2 Software description

ChromaX is based on the high-performance numerical computing library JAX (Bradbury et al. 2018). Using JAX, ChromaX functions are compiled in XLA (Accelerated Linear Algebra) (Sabne 2020), a compiler for linear algebra that accelerates function execution according to the domain and hardware available. This allows ChromaX to run seamlessly on various devices, such as CPUs, GPUs, and TPUs exploiting the parallelization offered by a variety of high-performance computing devices. ChromaX is available with the open-source license 3-Clause BSD. Source code is available on GitHub and is also distributed via the Python package installer “pip” as chromax. In the following sections, we describe the core functions available with ChromaX; for a complete list see the documentation.

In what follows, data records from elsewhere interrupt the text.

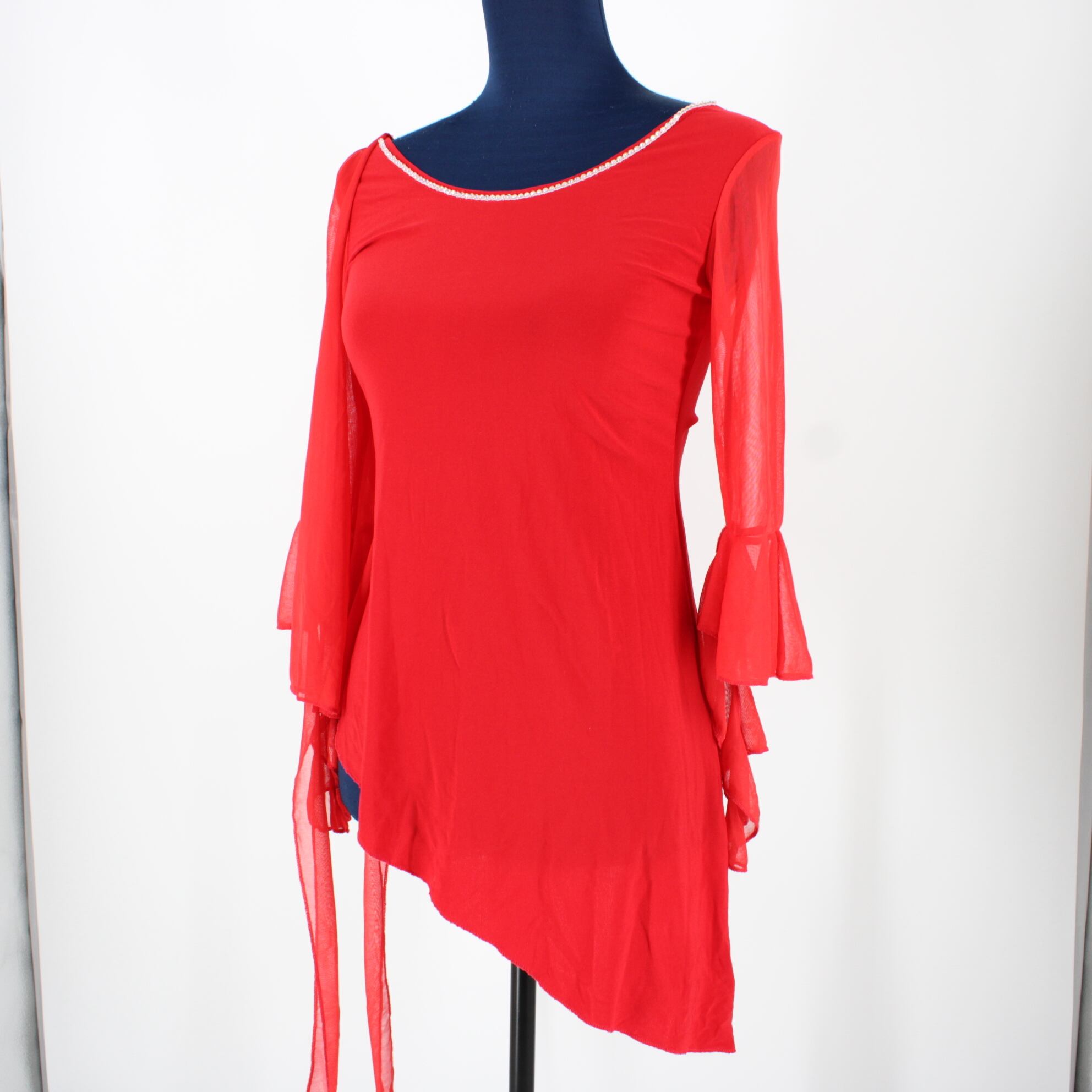 #社交ダンス衣装 #トップス #オールレッド #ラインストーン #ダンスファッション #Leirena #ダンスコスチューム #ステージ衣装 #古着 #中古 #ENUTSU
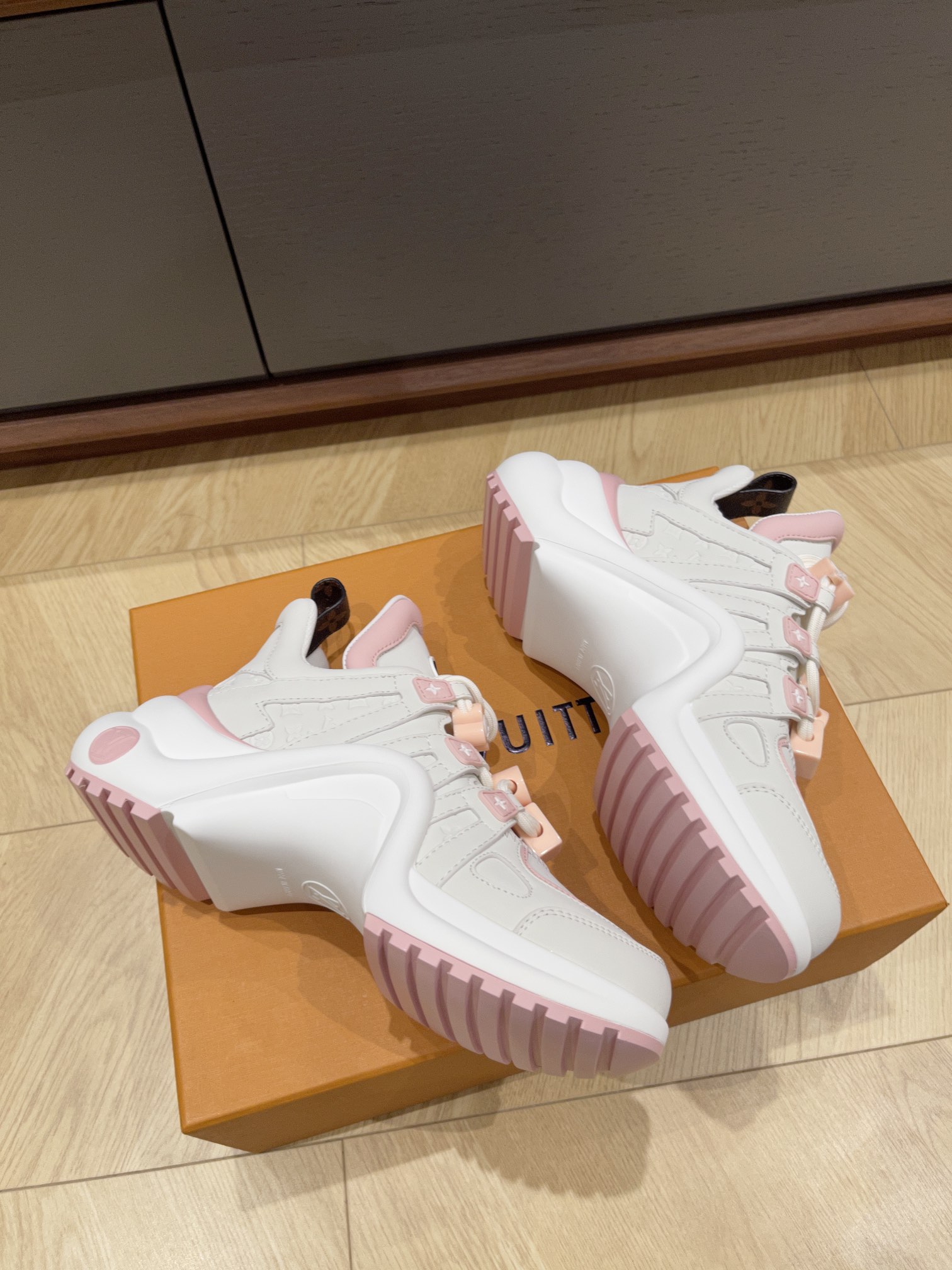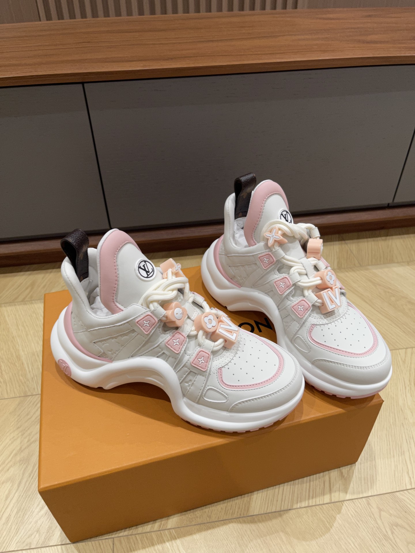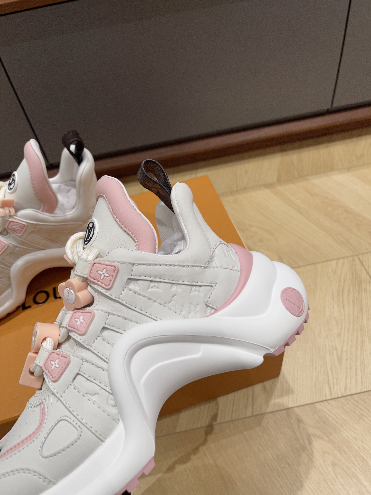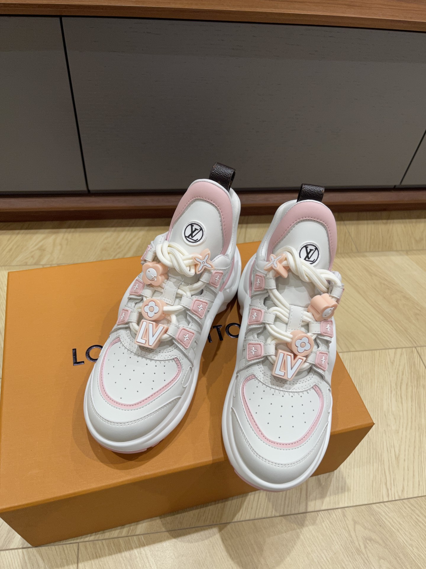 这款鞋子是AAAAA 1:1 质量 (非常棒). 使用了和原版一模一样的材料. 商标部分也保持了和路易威登/Louis Vuitton一样. 图片拍摄是实物鞋子拍摄, 您所收到的实物保证和我们图片一模一样.
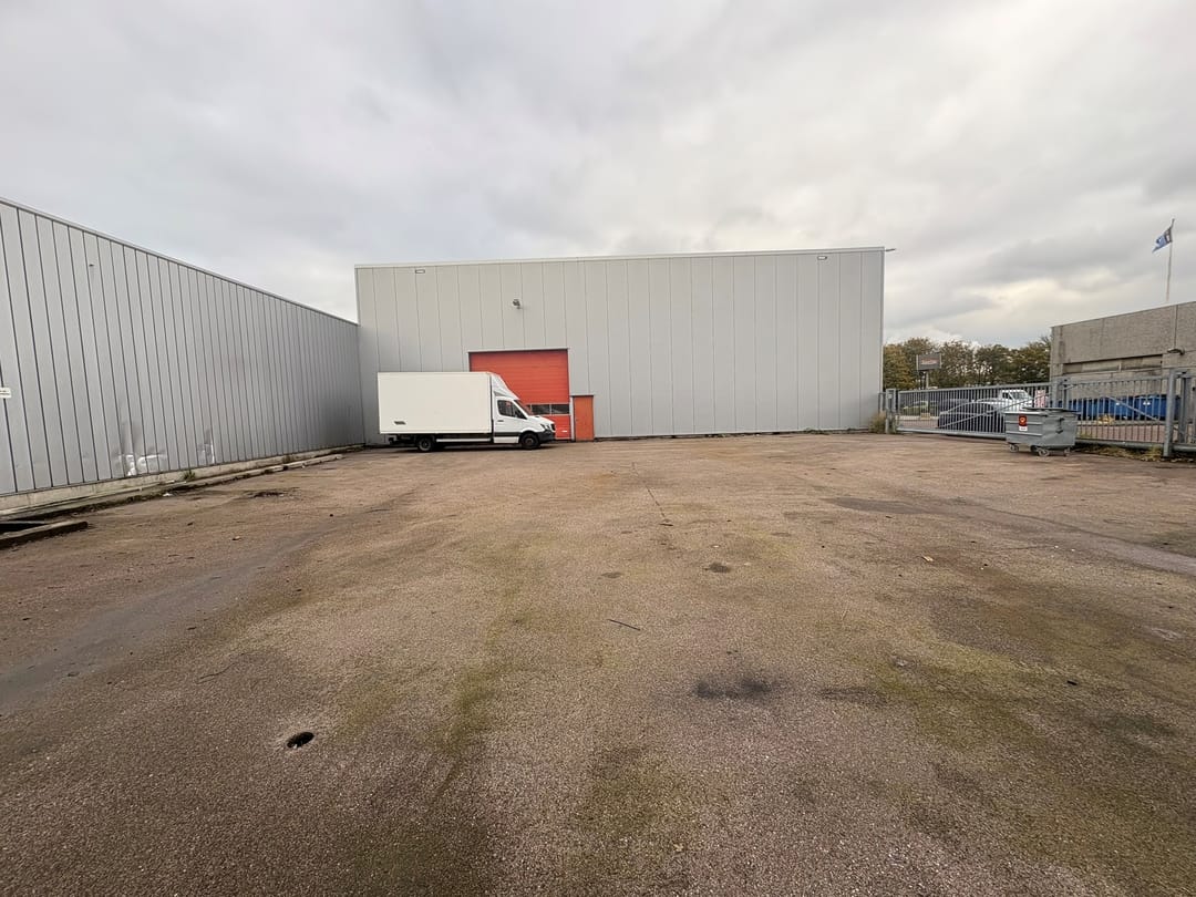 De bedrijfsruimte is zichtbaar vanaf de A5 en op korte afstand van een afrit gelegen. Oppervlakte VVO is 700 m² en daarnaast is er een ruim buitenterrein van 635 m². Op de hoek van het pand is er vanuit de entree en hal toegang naar de kantoorruimte, kantine en toiletgroep. De opslag c.q. bedrijfsruimte is behalve binnendoor ook door middel van een overheid- en loopdeur vanaf het buitenterrein bereikbaar. Het buitenterrein is met een hek en poort afgesloten.
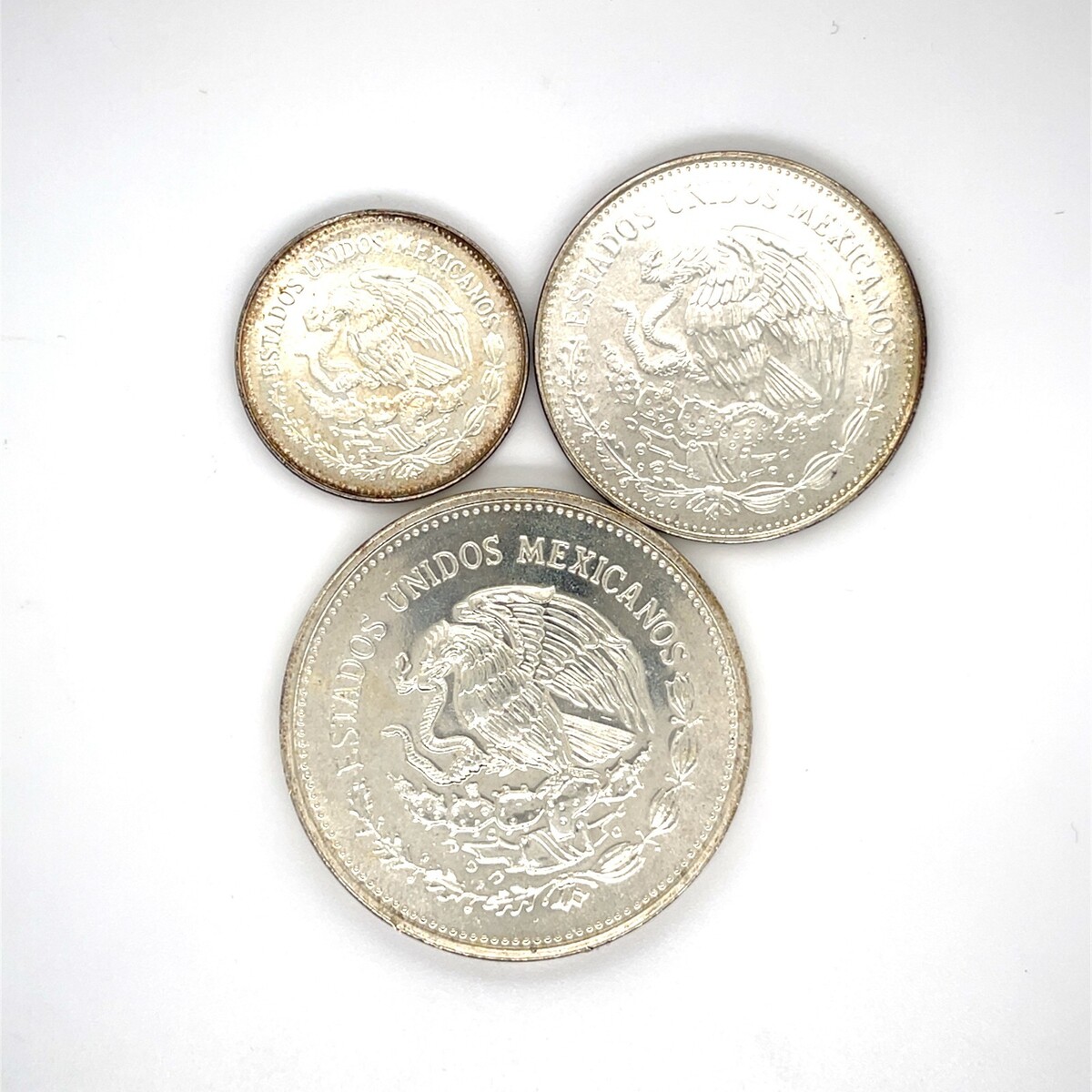 1985 Mexico Pesos: 25, 50, 100 - 3 Coin Lot - 1986 World Cup - 72% Silver
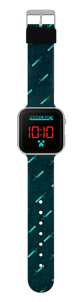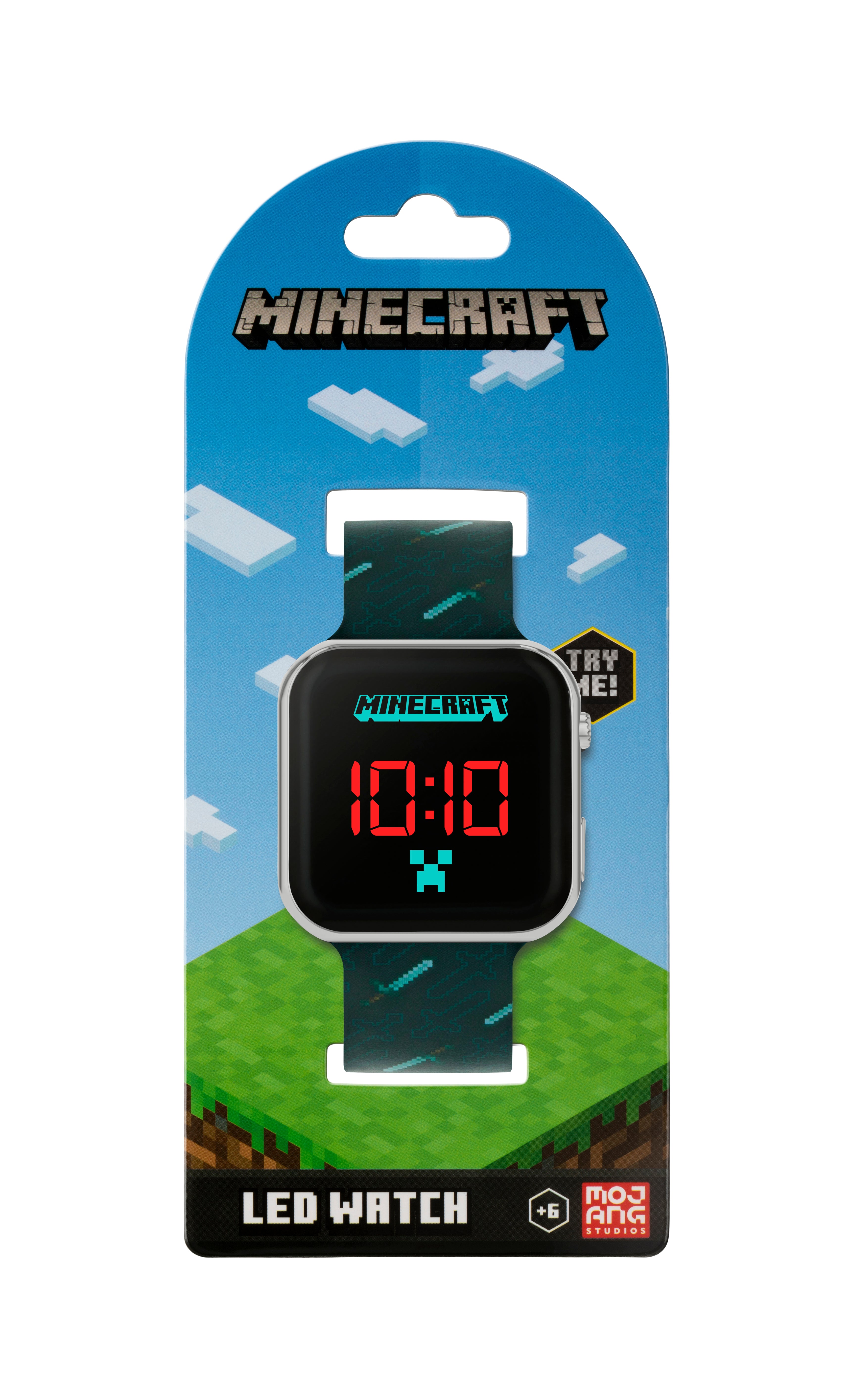 Minecraft LED watch with Minecraft dial design , silver plastic casing, red digital light up display, date feature and fun printed strap design with traditional buckle fastening. Packaged in official branded packaging and comes with one year guarantee.
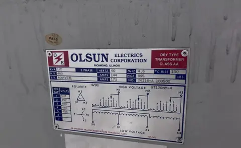 60 KVA OLSUN CLASS AA DRY TYPE TRANSFORMER: YOBRO #24590
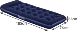 Izbaudiet komfortablu atpūtu mājās, vasarnīcā vai teltī. Uzpūšamais matracis BESTWAY Air Mattress Jr. Twin apvieno stabilu iekšējo coil-beam konstrukciju ar patīkamu vinila virsmu, kas ir mīksta pieskārienam un viegli tīrāma. Pateicoties integrētajam spilvenam, jums ir ērts galvas atbalsts bez papildu spilvena.
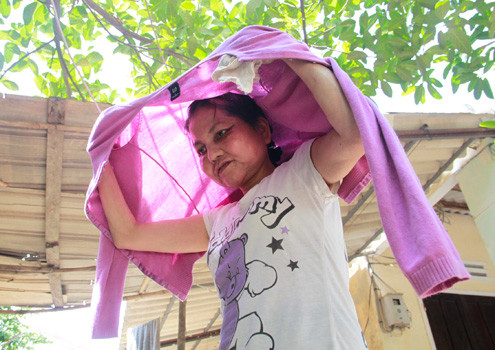 Được bác sĩ khuyến cáo tránh để mặt tiếp xúc trực tiếp với ánh sáng mặt trời nên mỗi lần đi lại từ nhà trên xuống nhà dưới chị phải đội nón kín hoặc dùng áo che.

2.1 Simulator initialization

The simulator is initialized by providing a genetic linkage map supplied as a Pandas DataFrame (McKinney et al. 2010) or a path to a spreadsheet. In the genetic linkage map, each row represents a marker and columns contain the chromosome identifier, the position of the marker in centimorgans, and a column for each trait containing linear marker effects. Instead of marker positions, it can include a column indicating the probability of recombination occurring after the marker and before the next. The argument trait_names can be used to specify a list of trait names; every element must match a column name in the genetic linkage map. A heritability value for each trait can also be specified.

2.2 Population data

ChromaX represents the genome of an individual as a NumPy array of shape $(m, d)$ , where m is the total number of markers and d is the ploidy. Thus, a population of n individuals is represented as an array of shape $(n, m, d)$ . Please note that this encoding requires that input genetic data is phased, which can be achieved using a program such as Beagle (Browning et al. 2021). The simulator allows the user to load population data from a file and save it at any point in the breeding program simulation.

2.3 Genetic recombination

ChromaX simulates the genetic recombinations that take place during meiosis to create new haplotypes. For simplicity, we assume diploid species and the Poisson model for crossover interference (McPeek and Speed 1995). The genetic recombination function receives as input an array of genetic markers of the k parent pairs. The function performs crosses between pairs of parents and produces k offspring. The use of a single genetic recombination function for all biparental crosses allows the function to be parallelized across several dimensions, namely the number of crosses k, the pair of parents, and the ploidy number. Generalizations to autopolyploid species and to other models for crossover interference are left for future developments.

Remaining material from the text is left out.